Over the weekend I was desperately sad to read (via twitter) that my hometown paper, The Chronicle and Echo, is set to switch  from a daily to a weekly title.


It’s not the only paper to make the announcement this last week either, with job losses and protests over the last few months at titles as significant as Scarborough Evening News and the Halifax Courier.


Regional news is vitally important. Surveys consistently demonstrate that readers trust local media more than any other media, and these titles are vital in keeping communities informed and united. There’s an emotional investment on behalf of the community too. A regional title is like a landmark and while I haven’t read the paper for years, living over 100 miles away, the masthead and the paper’s unmissable presence in the town centre are strong emotional hooks linking me with my childhood and friends and family still living there.

So what’s the answer? Regional titles are important but clearly not enough people are buying copies of them, but why would they when the Chronicle and Echo gives away its content for free?

Paying for content

For me this problem ties in closely with a previous post I wrote last week that argued in favour of trading data for online services; be prepared to pay, in some way, to get content. The new focus for my hometown paper seems to be a switch to digital output with an iPad app but where does this leave the older demographic that have faithfully bought the paper for decades?

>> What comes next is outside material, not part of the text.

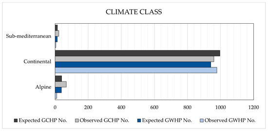The χ2 test showed that the geological, hydrogeological, and climatic classes have a statistically significant influence on the GSHP systems’ spatial distribution (Table 3, Figure 5, Figure 6 and Figure 7). The highest probability that natural conditions influence GSHP spatial distribution was found for hydrogeological conditions (χ2 = 296), followed by geological conditions (χ2 = 160) and climatic conditions (χ2 = 28) for GWHP systems. The same ranking of factors was obtained for GCHP systems. In this case, the χ2 values are lower but still indicate a strong influence of natural factors: 110 for hydrogeological conditions, 108 for geological conditions, and 26 for climatic conditions. More detailed results for each factor class are presented in Table 3.
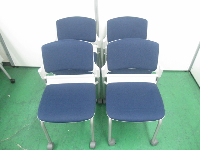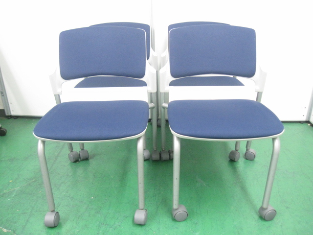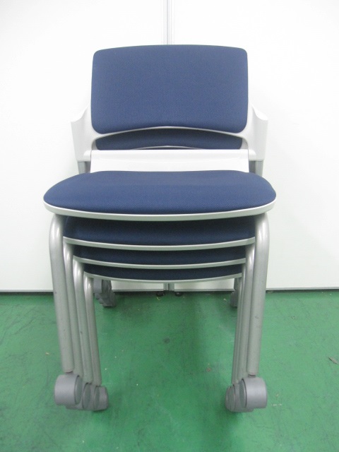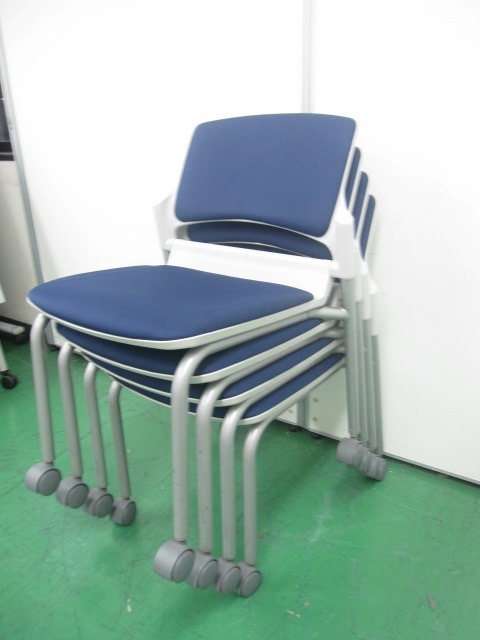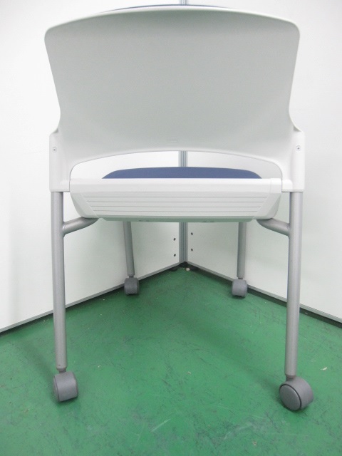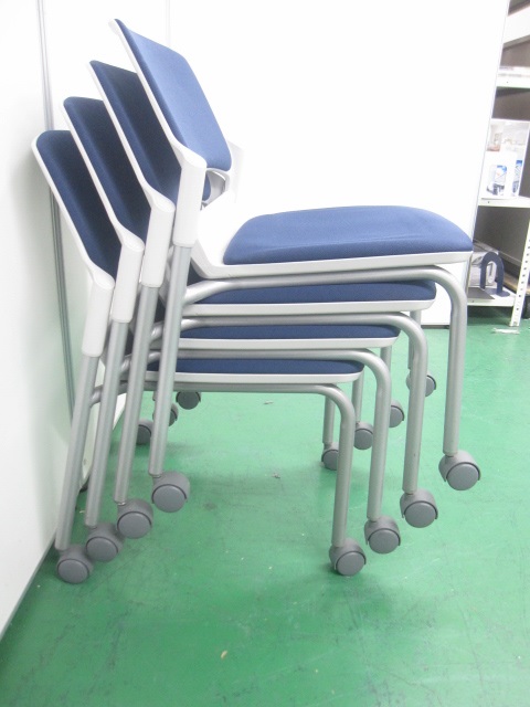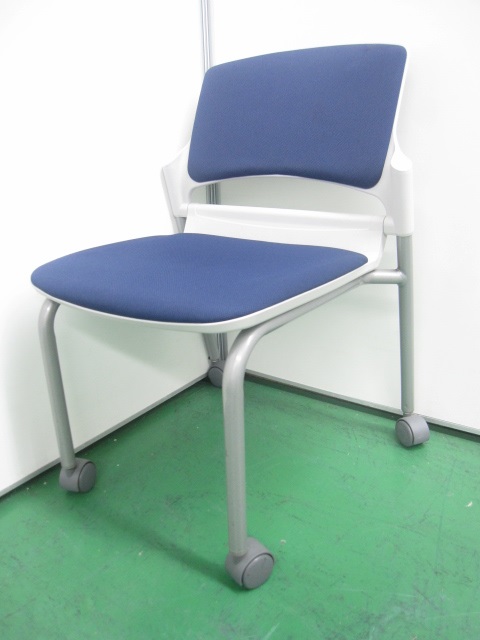 【残り2脚の為、お安く!】【キャスター付きで使いやすい!ミーティングに最適!】■ウチダ(UCHIDA)製 MF-180シリーズ スタッキングチェア ミーティングチェア ■キャスター付き ■レイズンブルー×ホワイトシェル

A paywall perhaps that generates enough funding to maintain the daily paper? A paywall means the paper loses traffic and therefore revenue from online ads and citizen journalism is enjoying a renaissance.

Increase the cover price? No doubt the publisher, Johnston Press, has considered this and couldn’t justify it.

Trouble ahead

Regional press is continuing to go through a tough time and with job losses continuing unabated my biggest fear is for the community; syndicated news sites and the nationals don’t care about one of the country’s ugliest buildings getting a renovation but I guarantee every single Northampton resident (cobblers) cares passionately about the future of Greyfriars bus station. But with the status quo as it it is, how much longer will the community be able to find out about it?